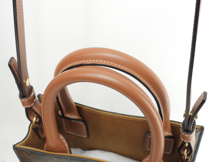 品名 : ショルダーストラップ付ハンドバッグ ポシェット 斜め掛けショルダーバッグ クロスボディバッグ ミニバーティカルカバ メーカー : セリーヌ (CELINE) 型番・素材 : 194372BZK.04LU PVC-カーフレザー ライン・色 : トリオンフ柄 シャインゴールド金具 参考定価 : 214500円 サイズ : W16.8 x H20 x D6 x G23 x L108-110 cm 製造番号 : A-GA-0213、S-AT-5212 総重量 : 840g 本体重量 : 310g 付属品 : 写真の中に写っているものです 情報 : ボディはスレ・汚れもなく綺麗です。底部角にスレはございません。ハンドルは薄汚れが少しございますが、スレ・弱りもなく状態は良いです。ショルダーストラップはスレ・汚れ・弱りもなく状態は良いです。バッグ内は薄汚れが少しございますが、酷いダメージはございません。金具部分はメッキ剥げもなくピカピカです。 #Celine #HandBag #Strap #Mini #Vertical #Caba #VerticalCaba #TRIOMPHE #PVC #Leather #BK #Brown #75%new #authentic #Crossbody #Bag #Pochette #ShoulderBag #194372BZK #Gold #vintage #rare #secondhand #wholeSale #haibanya #aisai-jp #転売可
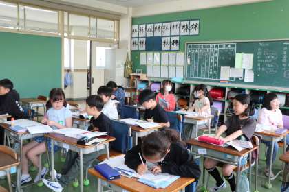 4年生算数の様子です。砧小学校では3年生以上の学年で算数少人数指導をしています。4年生3クラスを4つのグループに分けて学習を進めます。
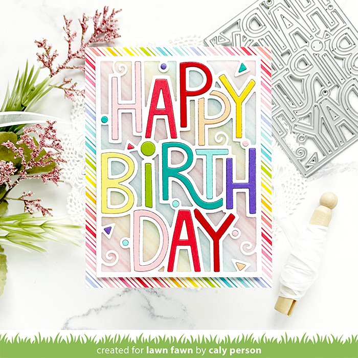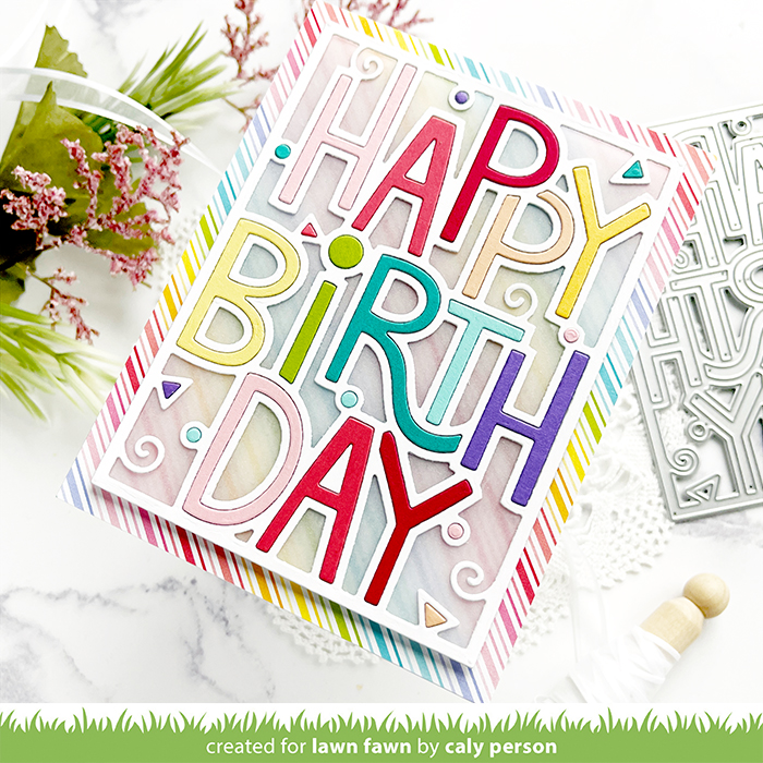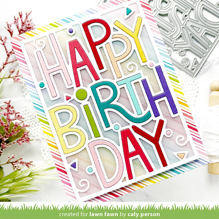 Today is the final day for Lawn Fawn’s March Inspiration Week! Today’s card features the Giant Outlined Happy Birthday dies. As always, there are two orientations to this die design – landscape and portrait. My card uses the Giant Outlined Happy Birthday Portrait die.
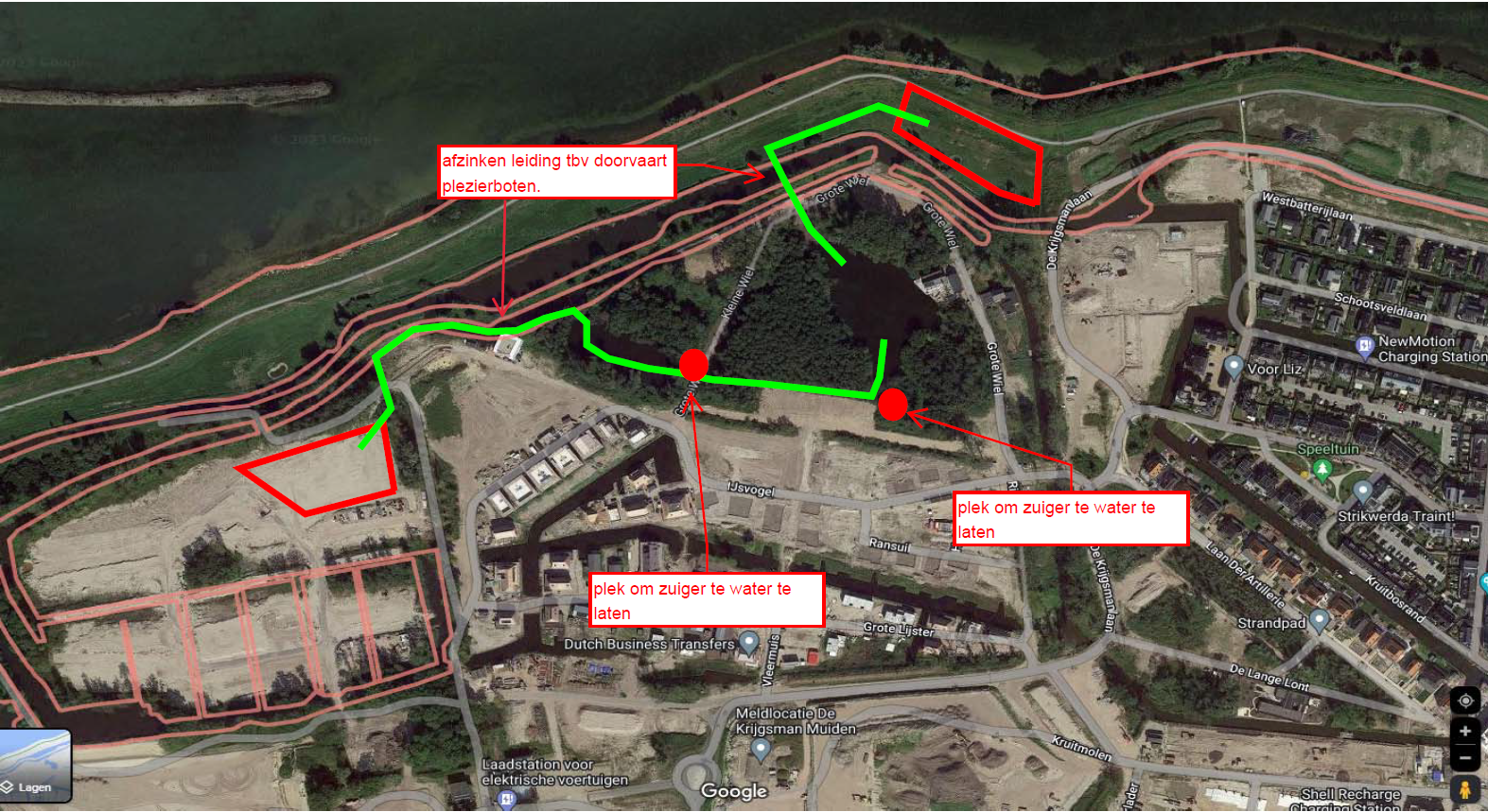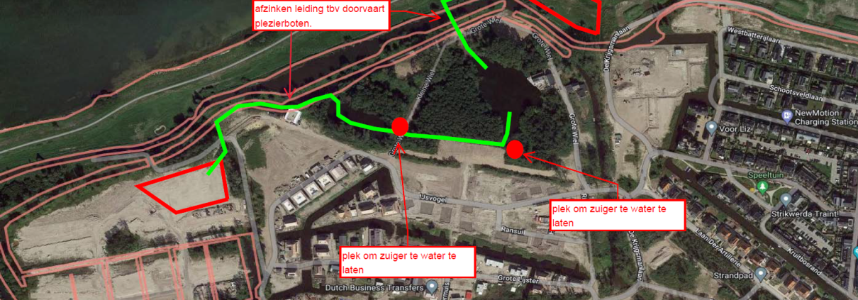 Op de bijhorende tekening is aangegeven hoe de leiding over het terrein loopt (groene lijn) en waar het slib naar toe wordt verpompt (rood omkaderde vakken).
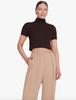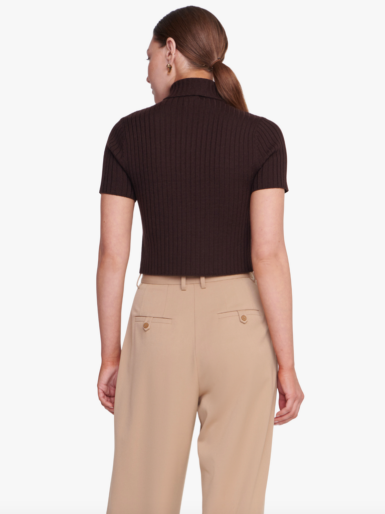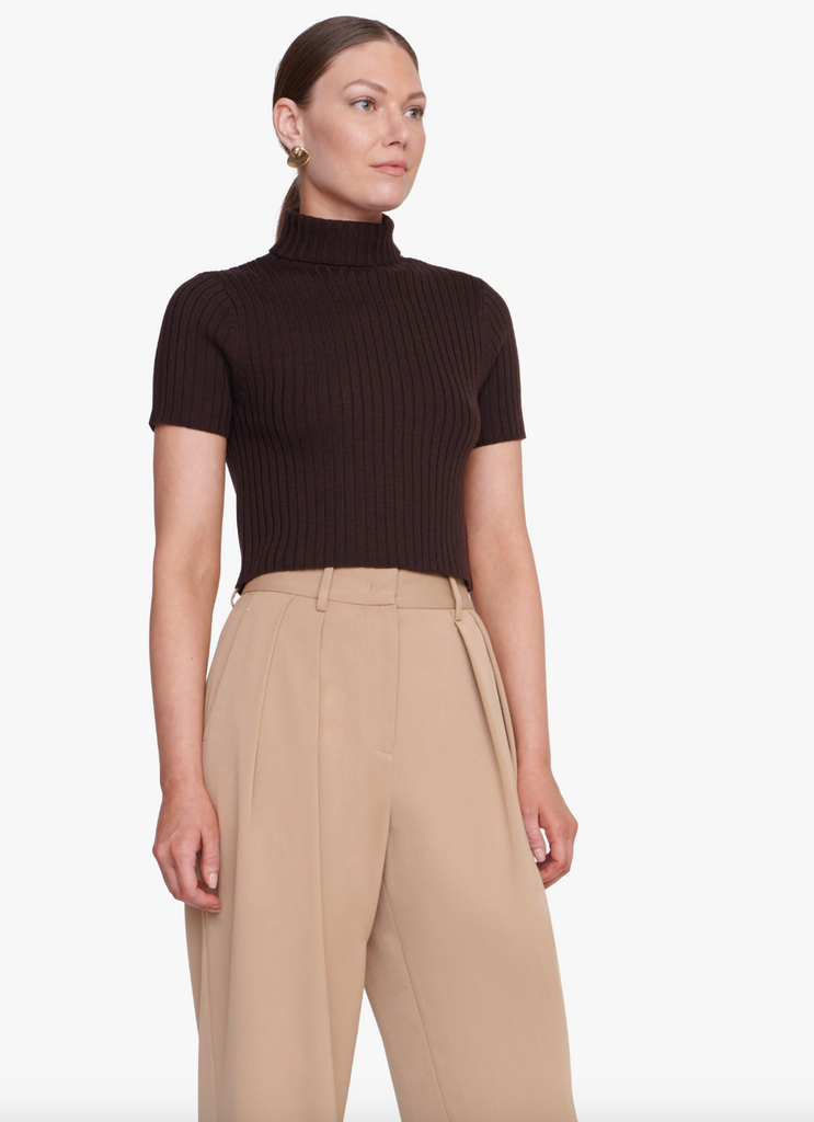 An easy layering piece, the Lilou Top is a ribbed knit top with a slightly cropped hem and mock neck collar.
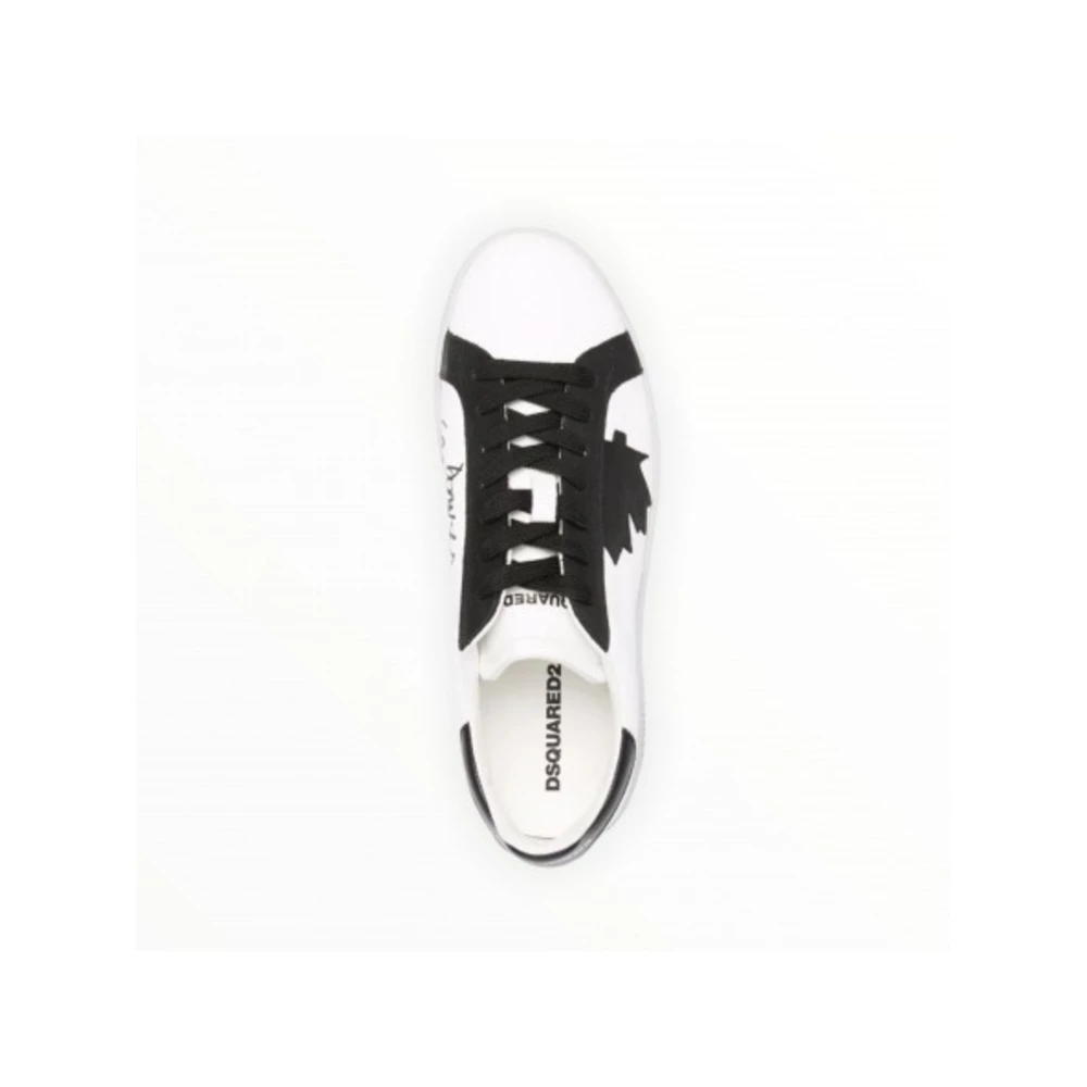 Trykk med blad D Maple, sidetrykk med slagord, fane med trykt logo, forsterkning i kontrasthælen, logoen på hælen, runde spissen, stenging foran med snøringer og flat såle.
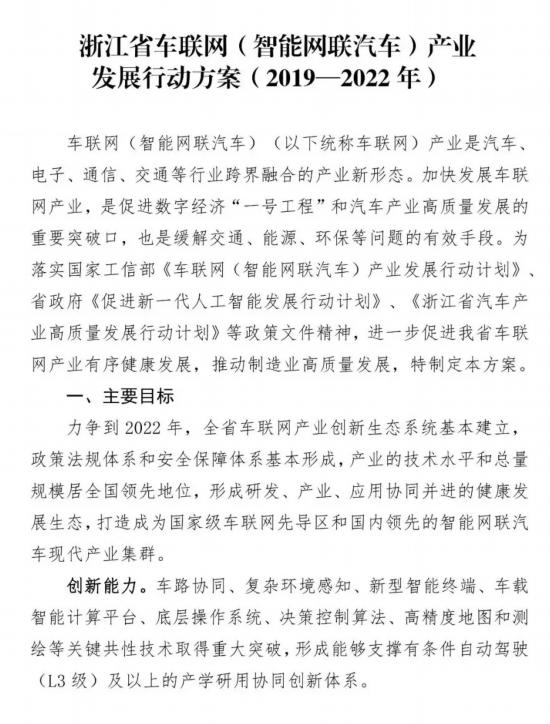 推動智能網(wǎng)聯(lián)發(fā)展的,除了技術(shù),還有政策?!凹涌彀l(fā)展智能網(wǎng)聯(lián)產(chǎn)業(yè),是促進(jìn)數(shù)字經(jīng)濟(jì)‘一號工程’和汽車產(chǎn)業(yè)高質(zhì)量發(fā)展的重要突破口,也是緩解交通、能源、環(huán)保等問題的有效手段。”近日,浙江省經(jīng)濟(jì)和信息化廳、科技廳、交通運輸廳聯(lián)合印發(fā)《浙江省車聯(lián)網(wǎng)(智能網(wǎng)聯(lián)汽車)產(chǎn)業(yè)發(fā)展行動方案(2019-2022 年)》(以下簡稱《方案》)中所指出的,正是發(fā)展智能網(wǎng)聯(lián)的意義所在。
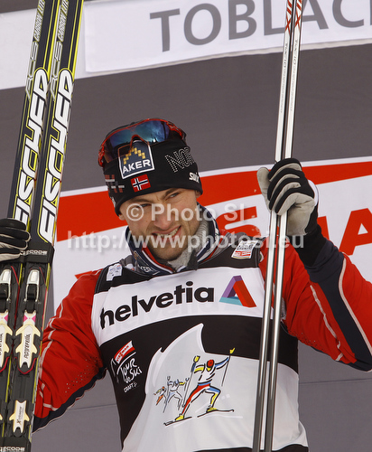 Toblach ,Italy - 04.01.2012 : Sprint leader Petter Northug of Norway celebrates after men sprint free style race of Tour de Ski race of FIS cross country skiing World cup race in Toblach-Dobbiaco, Italy. Men sprint race, stage 6 of Tour de Ski and FIS cross country skiing World cup was held on Toblach-Dobbiaco, Italy, on Wednesday, 4th of January 2012. Photo by: Primoz Jeroncic
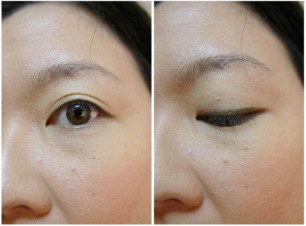 然後再用SANA 兩刃型眼線筆的墨水筆管那邊細細的畫上一條細眼線
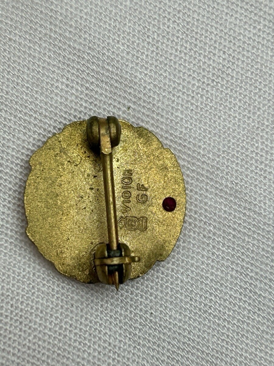 Good vintage condition. Shows age-appropriate wear including surface scratches, patina, and light discoloration on the back. Rhinestone is intact. Please review photos closely as they are part of the description.
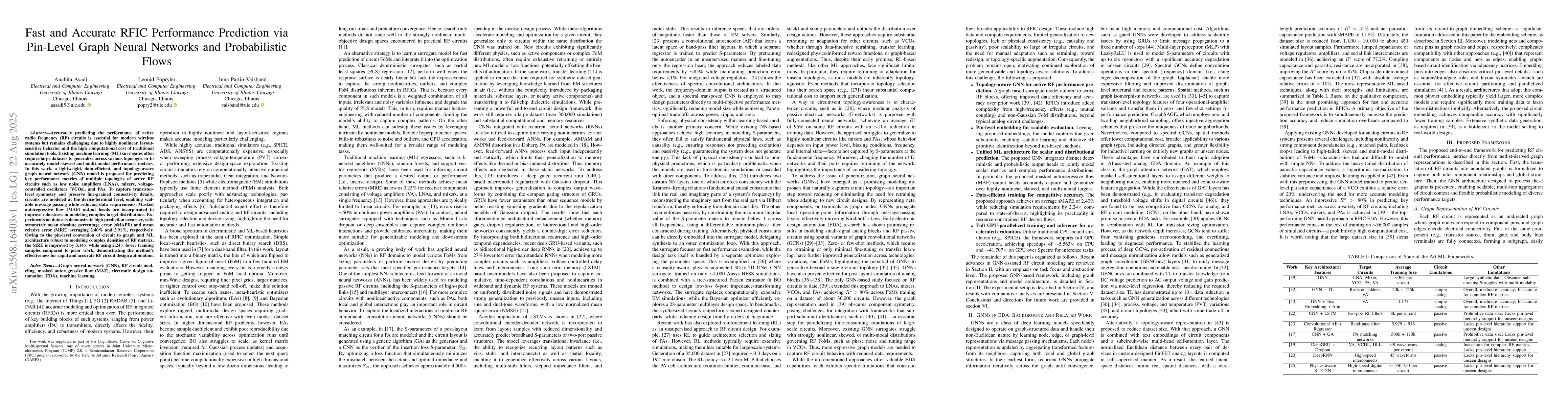 Accurately predicting the performance of active radio frequency (RF) circuits is essential for modern wireless systems but remains challenging due to highly nonlinear, layout-sensitive behavior and the high computational cost of traditional simulation tools. Existing machine learning (ML) surrogates often require large datasets to generalize across various topologies or to accurately model skewed and multi-modal performance metrics. In this work, a lightweight, data-efficient, and topology-aware graph neural network (GNN) model is proposed for predicting key performance metrics of multiple topologies of active RF circuits such as low noise amplifiers (LNAs), mixers, voltage-controlled oscillators (VCOs), and PAs. To capture transistor-level symmetry and preserve fine-grained connectivity details, circuits are modeled at the device-terminal level, enabling scalable message passing while reducing data requirements. Masked autoregressive flow (MAF) output heads are incorporated to improve robustness in modeling complex target distributions. Experiments on datasets demonstrate high prediction accuracy, with symmetric mean absolute percentage error (sMAPE) and mean relative error (MRE) averaging 2.40% and 2.91%, respectively. Owing to the pin-level conversion of circuit to graph and ML architecture robust to modeling complex densities of RF metrics, the MRE is improved by 3.14x while using 2.24x fewer training samples compared to prior work, demonstrating the method's effectiveness for rapid and accurate RF circuit design automation.
· · · · · · ·
__What is being asked__:
Transcribe, word for word, the stretch of lines in the data above from the one with "Today is the" through the one with "Trykk med blad"; omit all pictures.

__Exercise output__:
 Today is the final day for Lawn Fawn’s March Inspiration Week! Today’s card features the Giant Outlined Happy Birthday dies. As always, there are two orientations to this die design – landscape and portrait. My card uses the Giant Outlined Happy Birthday Portrait die.
 Op de bijhorende tekening is aangegeven hoe de leiding over het terrein loopt (groene lijn) en waar het slib naar toe wordt verpompt (rood omkaderde vakken).
 An easy layering piece, the Lilou Top is a ribbed knit top with a slightly cropped hem and mock neck collar.
 Trykk med blad D Maple, sidetrykk med slagord, fane med trykt logo, forsterkning i kontrasthælen, logoen på hælen, runde spissen, stenging foran med snøringer og flat såle.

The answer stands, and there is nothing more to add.